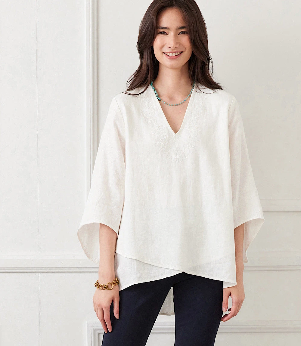 This Bracelet Sleeve Embroidered Asymmetric Top is crafted from a soft linen blend woven fabric and features a flattering V-neck, elegant bracelet sleeves, and a unique asymmetric hem. It is beautifully embroidered along the neck and sleeves for a feminine touch. Offered in cornflower blue and off-white, this versatile top is perfect for both casual and dressier occasions.
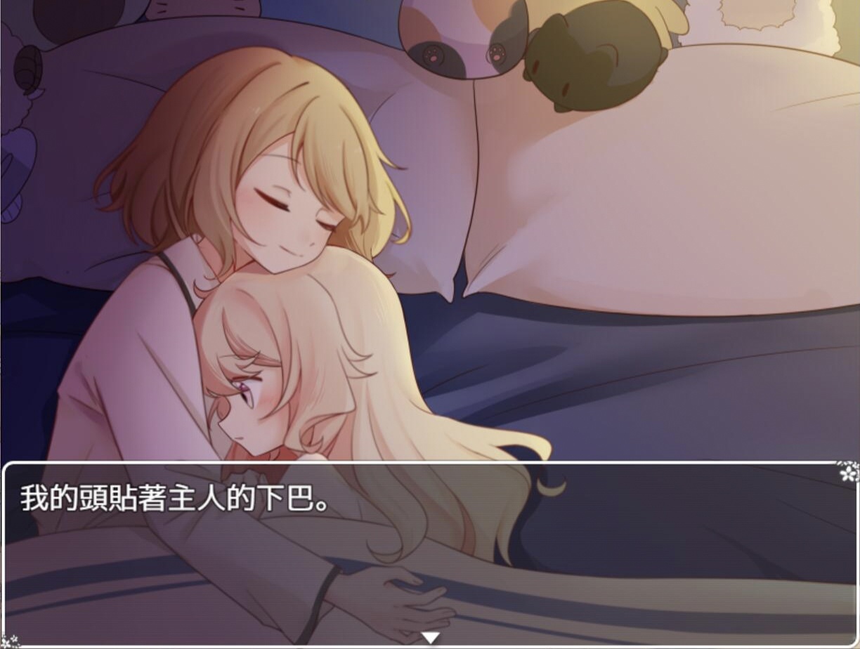 语句间的暂停让对话框一直在闪眼睛有一点不舒服,可能是哪个插件的优化问题游戏中还是有卡死的几率。简中和通关后CG鉴赏是我做的,豆乳也在积极的做日文版和英文版让中国百合走向世界。
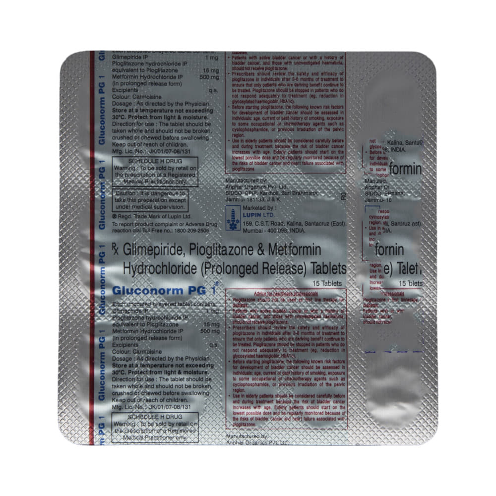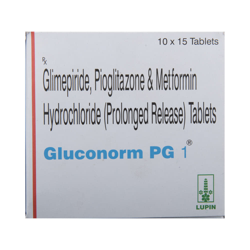 Gluconorm PG 1 Tablet PR is a combination of three antidiabetic medicines: Glimepiride, Metformin and Pioglitazone. They work by different mechanisms to provide better control of blood sugar when single or dual therapy is not effective. Glimepiride is a sulfonylurea which works by increasing the amount of insulin released by the pancreas in order to lower the blood glucose. Metformin is a biguanide. It works by lowering glucose production in the liver, delaying glucose absorption from intestines and increasing the body's sensitivity to insulin. Pioglitazone is a thiazolidinedione which further increases insulin sensitivity.
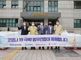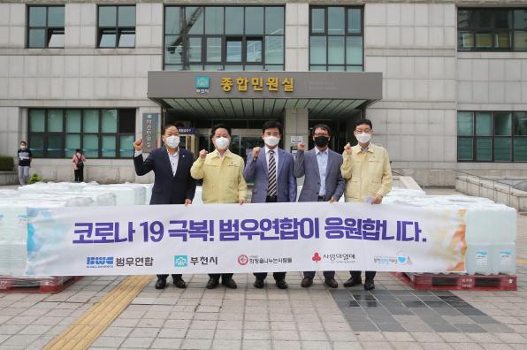 지난 18일 범우연합의 후원을 통해 사랑의열매, (사)희망을 나누는 사람들, 부천희망재단에서 살균소독제 20리터(L) 576통을 부천시에 전달하며 희망을 나누었다.
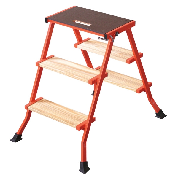 Scara dubla pliabila LESCABO din otel, 2 tronsoane cu trepte din lemn:
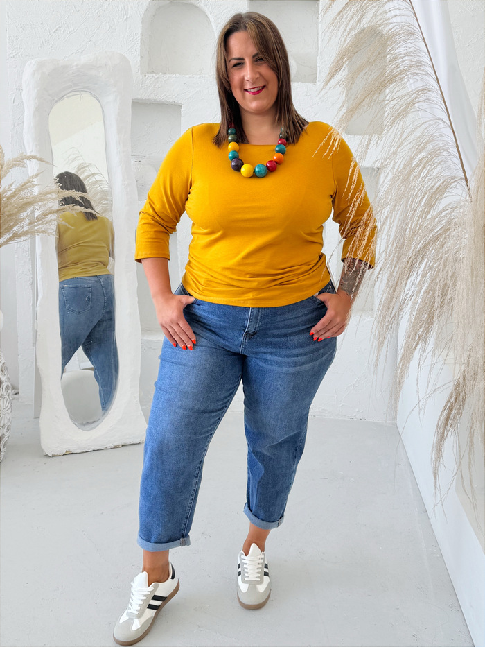 Bavlněné tričko s 3/4 rukávem do 3XL hořčicové
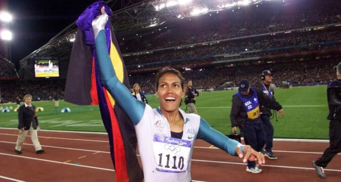 SÍDNEY (AP) — Cathy Freeman emocionó a los australianos cuando ganó la medalla de oro en los 400 metros femeninos en los Juegos Olímpicos de Sídney 2000, vistiendo un traje de correr ajustado con capucha. Luego generó controversia al dar una vuelta de victoria llevando la bandera australiana y una bandera que representa a los pueblos originarios de Australia.
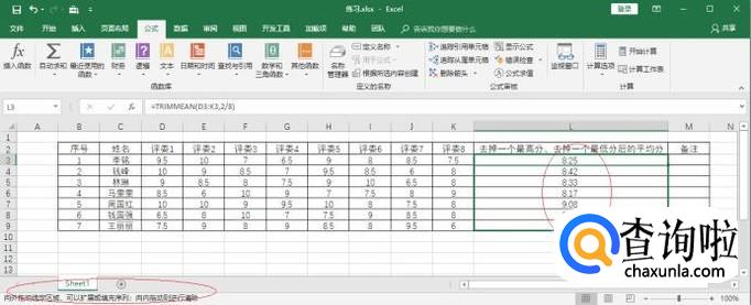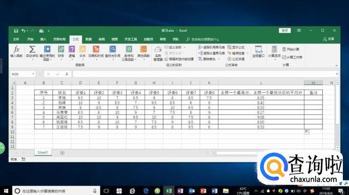 excel表格中使用公式和函数计算最后评分
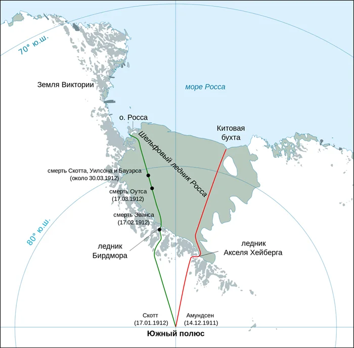 Маршруты экспедиций Амундсена и Скотта
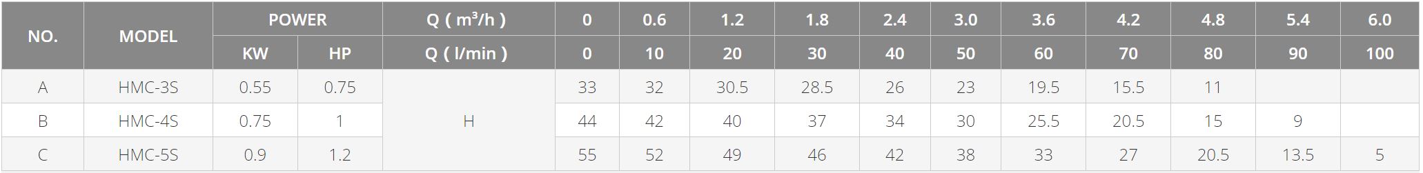| HMC-5S-E | 0.9 кВт | 220 В | 3.3 м3/ч | 6 м3/ч | 35.5 м | 52 м | 25 | 25 | 16 000 |
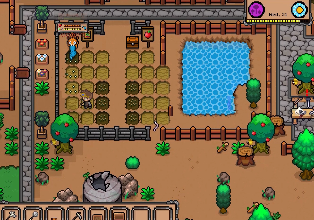3、在农场里种植作物、饲养动物、采集资源,自由打造属于自己的土地。
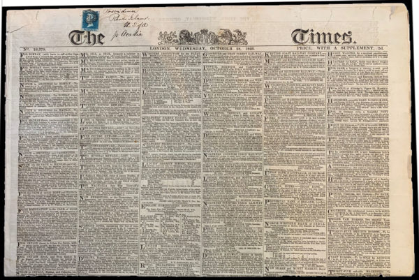SG14 1846 2d. Blue, plate 3, FC, paying newspaper rate to Rhode Island, USA
◆ ◆ ◆ ◆
**WORK ORDER**
Print, exactly, each line above from the one with "Bavlněné tričko s" to the one with "SÍDNEY (AP) —", end lines included. Leave pictures out of it.

**ANSWER TO THE EXERCISE**
 Bavlněné tričko s 3/4 rukávem do 3XL hořčicové
 SÍDNEY (AP) — Cathy Freeman emocionó a los australianos cuando ganó la medalla de oro en los 400 metros femeninos en los Juegos Olímpicos de Sídney 2000, vistiendo un traje de correr ajustado con capucha. Luego generó controversia al dar una vuelta de victoria llevando la bandera australiana y una bandera que representa a los pueblos originarios de Australia.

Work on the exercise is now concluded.